L’Europa si allea con gli Usa (e con Alphabet) per un patto sull’AI
La Commissione Europea vuole collaborare con le aziende statunitensi per definire gli standard tecnici e di sicurezza e un “patto sull’intelligenza artificiale”, in attesa dell’AI Act.
Pubblicato il 25 maggio 2023 da Valentina Bernocco

L’esigenza di regole condivise sull’intelligenza artificiale si fa sempre più urgente. L’Europa lavora da due anni sul testo dell’AI Act, e i rapidi e sorprendenti sviluppi tecnologici degli ultimi mesi (con il boom di ChatGPT, la sua integrazione nei prodotti e servizi di Microsoft, la parallela corsa di Google con il suo Bard) dimostrano che è ora di accelerare l’iter di approvazione. Ma ci sono dei tempi tecnici da superare prima che il testo, ora all’esame del trilogo, entri in vigore negli Stati membri dell’Unione Europea.
L’AI Act “richiederà uno se non due anni prima di entrare in funzione, e questo significa che abbiamo bisogno di qualcos'altro per coprire questo lasso di tempo”, ha dichiarato la commissaria europea per la concorrenza e vicepresidente di Europe fit for the Digital Age, Margrethe Vestager. Dunque la Commissione Europea vuole agire anche su altri fronti, collaborando con gli Stati Uniti per definire alcuni standard minimi di sicurezza prima che l’AI Act entri in vigore.

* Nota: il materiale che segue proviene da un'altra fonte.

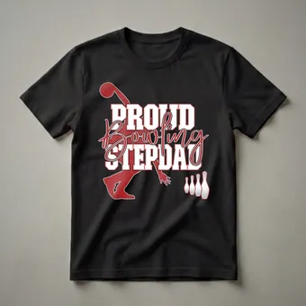 - Showcases a proud stepdad's support for family bowling with a dynamic bowler graphic.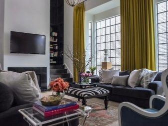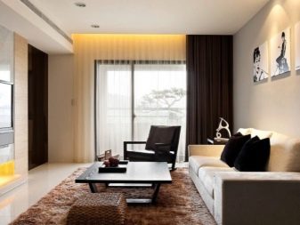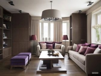 من الأفضل اختيار الستائر بلون الشوكولاتة. يجادل بعض المصممين بأنه بالنسبة للستائر ، يجب استخدام الأقمشة العادية بشكل أساسي بدون أنماط وأنماط. في وسط غرفة المعيشة ، يمكنك وضع طاولة قهوة من الخشب الداكن. ستضيف قطعة الأثاث هذه الصلابة والرقي إلى الداخل..

Un "patto sull'AI", con l'aiuto di Google
Per quanto spesso combattiva nei confronti delle Big Tech (molte volte giudicate colpevoli e sanzionate per violazioni di privacy o antitrust), la Commissione Europea sa riconoscere che i grandi colossi tecnologici statunitensi sono una risorsa a cui doversi appoggiare. Per questo Thierry Breton, commissario europeo per il Mercato interno e i servizi, ha incontrato a Bruxelles l’amministratore delegato di Alphabet e di Google, Sundar Pichai.
“Sundar e io”, ha dichiarato Breton, “concordiamo sul fatto che non possiamo permetterci di aspettare che le regole sull’AI diventino concretamente applicabili, e che dobbiamo lavorare insieme con tutti gli sviluppatori di AI per definire un patto sull’intelligenza artificiale, su base volontaria, prima della deadline legislativa”.
Sundar Pichai, Ceo di Alphabet e di Google
“Abbiamo bisogno dell’AI Act il prima possibile”, ha rimarcato Vestager in un tweet. “Ma la tecnologia di AI evolve con incredibile rapidità. Quindi abbiamo bisogno, adesso, di un accordo volontario sulle regole universali dell’AI”. La commissaria Ue ha anche fatto sapere che l’AI sarà generativa anche al centro delle discussioni nel prossimo incontro ministeriale previsto il 30 e 31 maggio in Svezia, al Trade and Technology Council.
Nel frattempo, la settimana scorsa durante il vertice G7 di Hiroshima i primi ministri di Giappone, Stati Uniti, Canada, Francia, Germania, Italia e Regno Unito, insieme alla presidente della Commissione Europea Ursula von der Leyen e al presidente del Consiglio Europeo Charles Michel hanno concordato sull’esigenza di definire degli standard tecnici per una intelligenza artificiale “degna di fiducia”, governabile e trasparente.
La posizione di OpenAI
In questi mesi la rappresentante più illustre e apripista dell’AI generativa è stata sicuramente OpenAI, società di San Francisco salita alla ribalta grazie a ChatGPT (o meglio ai large language model sottostanti all’applicazione chatbot). Recentemente il suo presidente e fondatore, Greg Brockman, si è espresso a favore della definizione di regole e meccanismi di controllo sullo sviluppo dell’intelligenza artificiale.
In settimana Sam Altman, l’amministratore delegato di OpenAI, in visita a Londra ha detto che la sua azienda cercherà di adeguarsi alle regole tracciate dall’AI Act. Ma se questo dovesse risultare difficile, perché le regole sono troppo restrittive, OpenAI potrebbe ritirarsi dal mercato europeo. Nell’attuale versione della proposta legislativa è previsto, per esempio, che le aziende sviluppatrici siano tenute a dichiarare quali contenuti protetti da copyright vengano usati per l’allenamento degli algoritmi. “L’attuale bozza dell’AI Act dell’Unione Europea sarebbe un eccesso di regolamentazione”, ha dichiarato Altman a Reuters, “ma ci è stato detto che ci sarà un passo indietro. Ne stanno ancora discutendo”.